=== WHAT THIS TASK INVOLVES ===
Every line from the first one in the data below through the line holding "Lot de 2 Pots" is to be written out exactly, with the pictures omitted.

=== DATA BELOW ===
===============

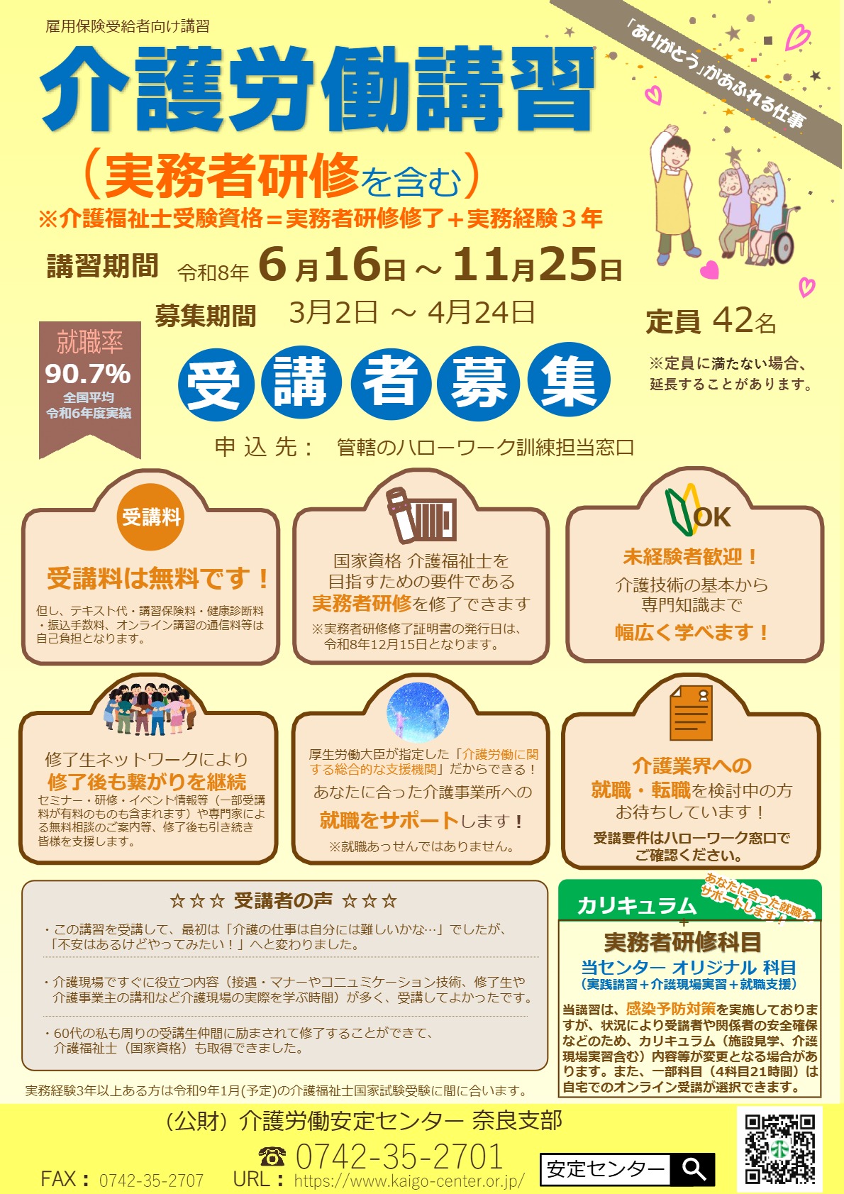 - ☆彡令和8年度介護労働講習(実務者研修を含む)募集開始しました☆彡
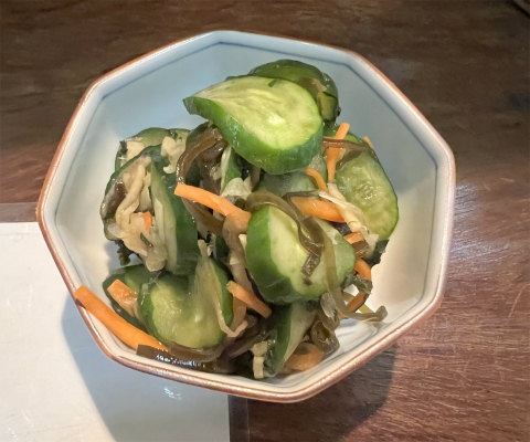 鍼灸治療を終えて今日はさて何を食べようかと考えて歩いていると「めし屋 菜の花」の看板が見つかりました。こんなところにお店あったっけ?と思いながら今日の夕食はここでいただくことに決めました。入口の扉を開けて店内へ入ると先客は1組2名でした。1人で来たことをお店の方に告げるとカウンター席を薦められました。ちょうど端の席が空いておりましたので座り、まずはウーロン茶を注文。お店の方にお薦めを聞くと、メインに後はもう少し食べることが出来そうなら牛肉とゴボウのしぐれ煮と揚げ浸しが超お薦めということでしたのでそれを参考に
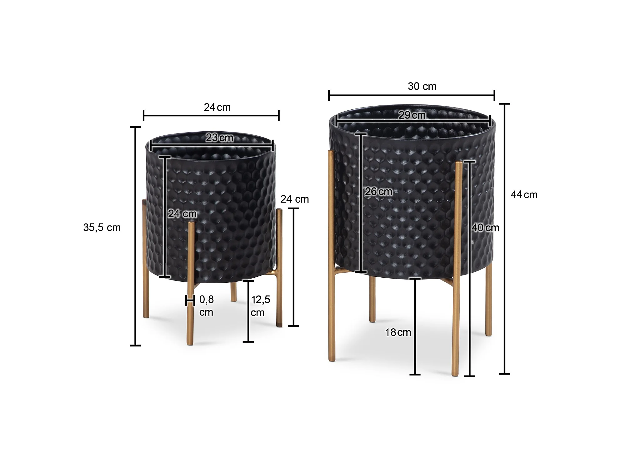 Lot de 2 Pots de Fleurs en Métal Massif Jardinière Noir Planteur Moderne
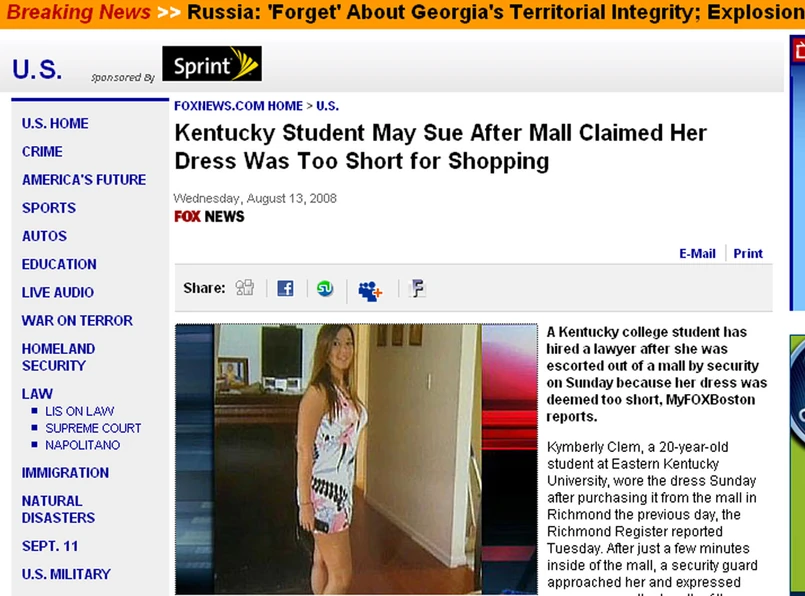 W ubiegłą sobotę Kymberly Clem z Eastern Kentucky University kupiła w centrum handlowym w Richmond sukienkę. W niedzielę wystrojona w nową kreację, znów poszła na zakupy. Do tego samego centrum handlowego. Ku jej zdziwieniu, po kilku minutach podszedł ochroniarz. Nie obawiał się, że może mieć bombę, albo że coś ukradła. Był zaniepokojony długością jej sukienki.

===============

=== PROBLEM SOLUTION ===
 - ☆彡令和8年度介護労働講習(実務者研修を含む)募集開始しました☆彡
 鍼灸治療を終えて今日はさて何を食べようかと考えて歩いていると「めし屋 菜の花」の看板が見つかりました。こんなところにお店あったっけ?と思いながら今日の夕食はここでいただくことに決めました。入口の扉を開けて店内へ入ると先客は1組2名でした。1人で来たことをお店の方に告げるとカウンター席を薦められました。ちょうど端の席が空いておりましたので座り、まずはウーロン茶を注文。お店の方にお薦めを聞くと、メインに後はもう少し食べることが出来そうなら牛肉とゴボウのしぐれ煮と揚げ浸しが超お薦めということでしたのでそれを参考に
 Lot de 2 Pots de Fleurs en Métal Massif Jardinière Noir Planteur Moderne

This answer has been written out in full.